Only the lines below from the one that holds "Az elegáns, ezüst" through the one that holds "在3G設(shè)備市場方面" should appear in the answer, copied exactly, end lines included and pictures omitted.

Data for this task →
§ §

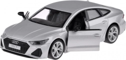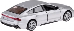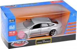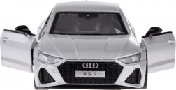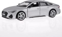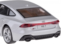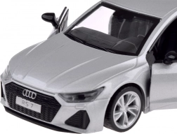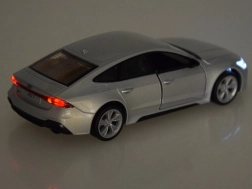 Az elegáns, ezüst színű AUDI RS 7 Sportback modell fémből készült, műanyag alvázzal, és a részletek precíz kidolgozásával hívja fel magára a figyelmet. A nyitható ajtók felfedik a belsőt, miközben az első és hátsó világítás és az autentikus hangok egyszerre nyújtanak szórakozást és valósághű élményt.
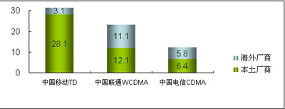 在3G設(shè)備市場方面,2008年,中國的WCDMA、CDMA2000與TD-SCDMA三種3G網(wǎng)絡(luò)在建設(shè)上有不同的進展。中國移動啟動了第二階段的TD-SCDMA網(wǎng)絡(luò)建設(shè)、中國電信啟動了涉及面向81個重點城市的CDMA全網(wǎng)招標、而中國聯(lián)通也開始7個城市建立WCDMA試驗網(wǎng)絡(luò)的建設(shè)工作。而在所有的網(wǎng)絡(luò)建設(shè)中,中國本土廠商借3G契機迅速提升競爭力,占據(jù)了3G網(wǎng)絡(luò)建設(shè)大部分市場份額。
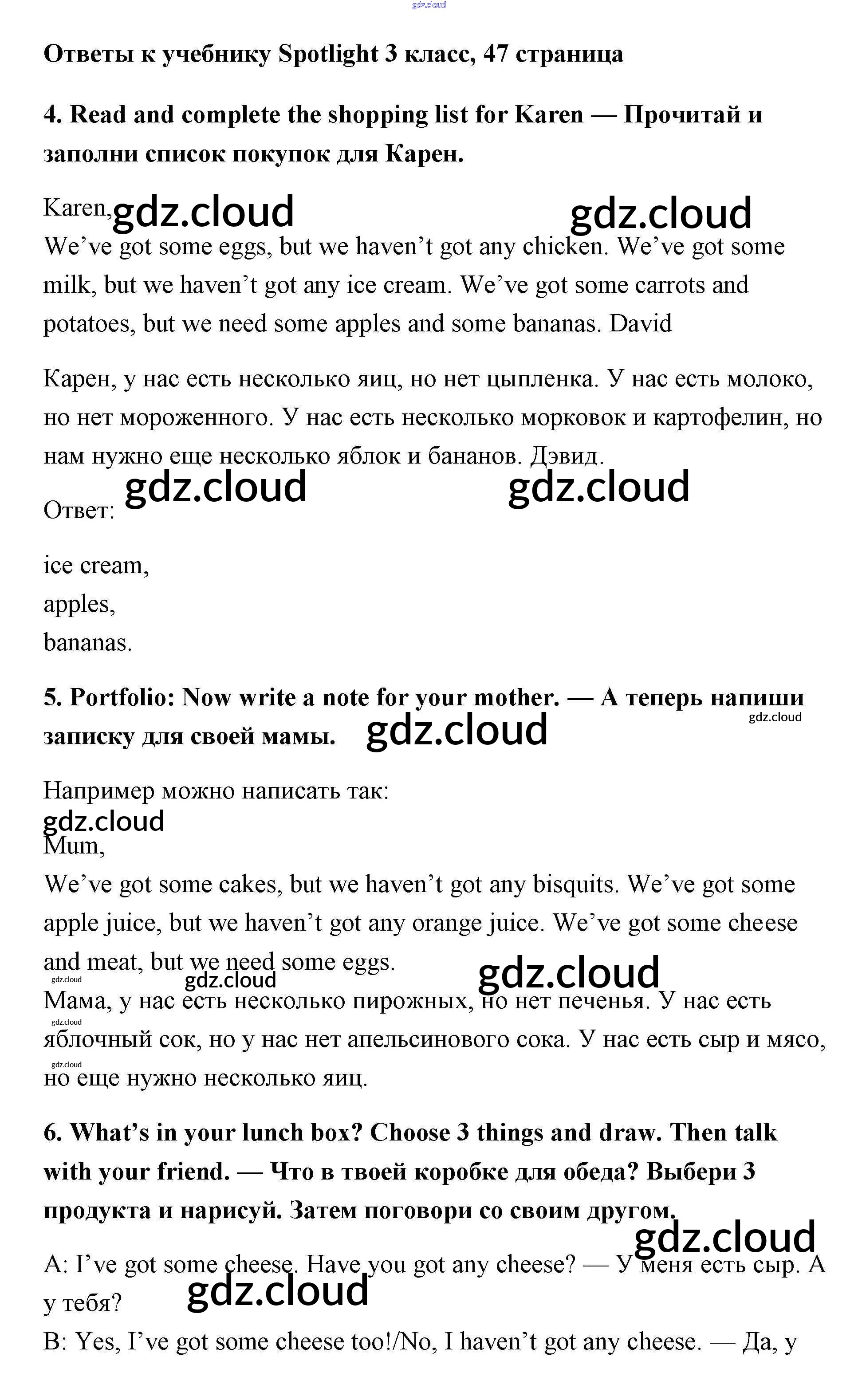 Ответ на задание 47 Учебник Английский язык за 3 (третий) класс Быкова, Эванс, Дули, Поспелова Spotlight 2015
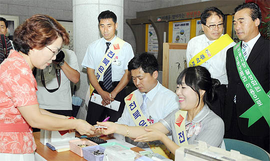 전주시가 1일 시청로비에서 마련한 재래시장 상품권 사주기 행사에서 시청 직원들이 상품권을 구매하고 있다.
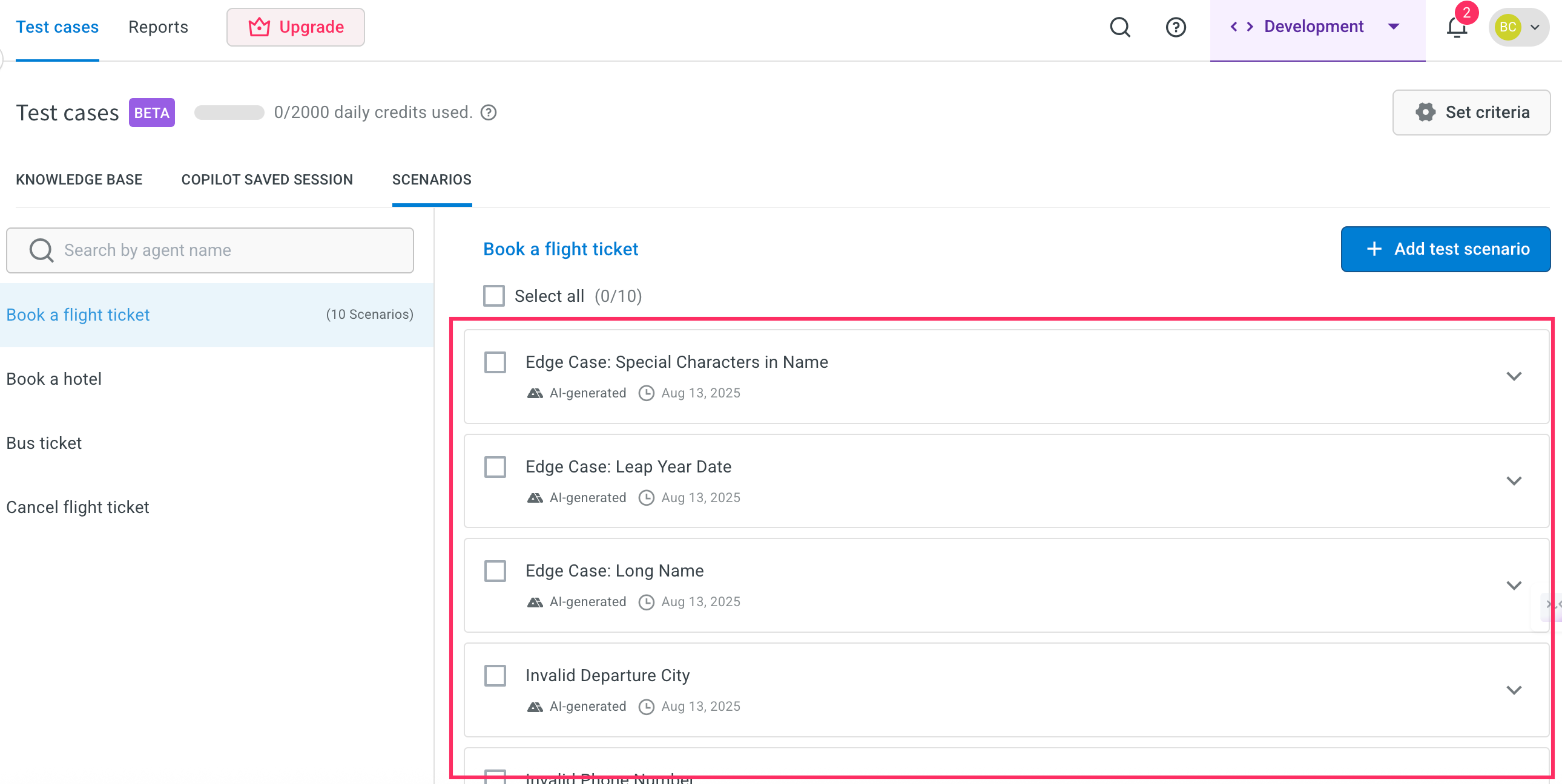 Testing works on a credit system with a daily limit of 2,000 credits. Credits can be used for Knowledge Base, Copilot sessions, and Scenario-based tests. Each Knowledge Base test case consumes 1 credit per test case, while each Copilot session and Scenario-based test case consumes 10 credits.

§ §

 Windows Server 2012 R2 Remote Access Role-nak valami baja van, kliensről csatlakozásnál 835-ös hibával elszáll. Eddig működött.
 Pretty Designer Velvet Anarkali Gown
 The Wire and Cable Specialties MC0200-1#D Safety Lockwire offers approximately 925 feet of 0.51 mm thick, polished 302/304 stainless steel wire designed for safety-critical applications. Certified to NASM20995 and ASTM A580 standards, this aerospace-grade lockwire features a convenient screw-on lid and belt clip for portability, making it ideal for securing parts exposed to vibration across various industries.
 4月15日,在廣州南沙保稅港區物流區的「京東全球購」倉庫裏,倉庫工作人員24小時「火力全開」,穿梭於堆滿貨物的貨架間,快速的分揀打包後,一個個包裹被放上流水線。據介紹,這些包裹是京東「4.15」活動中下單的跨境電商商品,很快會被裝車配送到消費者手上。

§ §

Answer to this exercise →
 Az elegáns, ezüst színű AUDI RS 7 Sportback modell fémből készült, műanyag alvázzal, és a részletek precíz kidolgozásával hívja fel magára a figyelmet. A nyitható ajtók felfedik a belsőt, miközben az első és hátsó világítás és az autentikus hangok egyszerre nyújtanak szórakozást és valósághű élményt.
 在3G設(shè)備市場方面,2008年,中國的WCDMA、CDMA2000與TD-SCDMA三種3G網(wǎng)絡(luò)在建設(shè)上有不同的進展。中國移動啟動了第二階段的TD-SCDMA網(wǎng)絡(luò)建設(shè)、中國電信啟動了涉及面向81個重點城市的CDMA全網(wǎng)招標、而中國聯(lián)通也開始7個城市建立WCDMA試驗網(wǎng)絡(luò)的建設(shè)工作。而在所有的網(wǎng)絡(luò)建設(shè)中,中國本土廠商借3G契機迅速提升競爭力,占據(jù)了3G網(wǎng)絡(luò)建設(shè)大部分市場份額。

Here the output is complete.